With European traffic projected to double by 2020, the pressure is now on to push through the Single European Sky (SES) initiative, launched just over a year ago. In its early form, this aims to create huge blocks of harmonised airspace based on the needs of airlines rather than on the constraints of national borders. Ultimately, the hope is for "seamless" airspace throughout Europe.

At the show yesterday, the European Commission (EC) and Eurocontrol announced the go-ahead for the definition phase of a vital component of the SES. The Sesame programme aims for the first time to bring together the air traffic management (ATM) community, industry, the airlines, airports and the military to produce an ATM master plan for Europe that Aguardo says "will formulate operational concepts and propose new systems as well as define the road map for their implementation".

Political

Sesame aims to avoid the failures of the past, which, according to an industry spokesman at Paris, "often were based on political rather than realistic goals".

The first phase of Sesame will cost €60 million ($72 million), shared equally between the EC and Eurocontrol, and will last 18 months.
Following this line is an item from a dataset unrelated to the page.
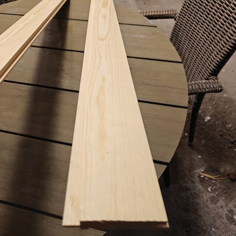 15x80 valkolakattua kuusipaneelia. 2.4m 19kpl. 3.3m 56kpl.
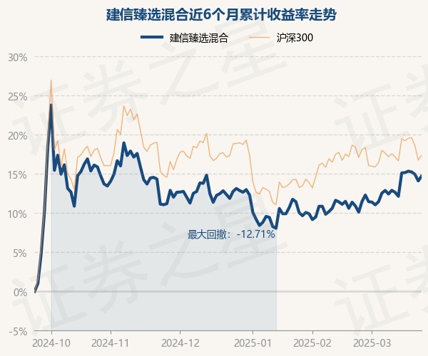 证券之星消息,3月24日,建信臻选混合最新单位净值为0.857元,累计净值为0.857元,较前一交易日上涨0.53%。历史数据显示该基金近1个月上涨3.43%,近3个月上涨1.73%,近6个月上涨14.71%,近1年上涨13.45%。该基金近6个月的累计收益率走势如下图:

"It's the first time we've bought all of the stakeholders together on the same roadmap," says EC vice-president Jacques Barrot. "I have also been talking to [Federal Aviation Administration chief] Marion Blakey. We agreed that we would co-operate as much as possible between Sesame and NGATS [new generation air transport system]. We certainly don't want to discover that we're incompatible with their system."

Implementation of Sesame will run from 2007 to 2020, and is likely to cost €300 million.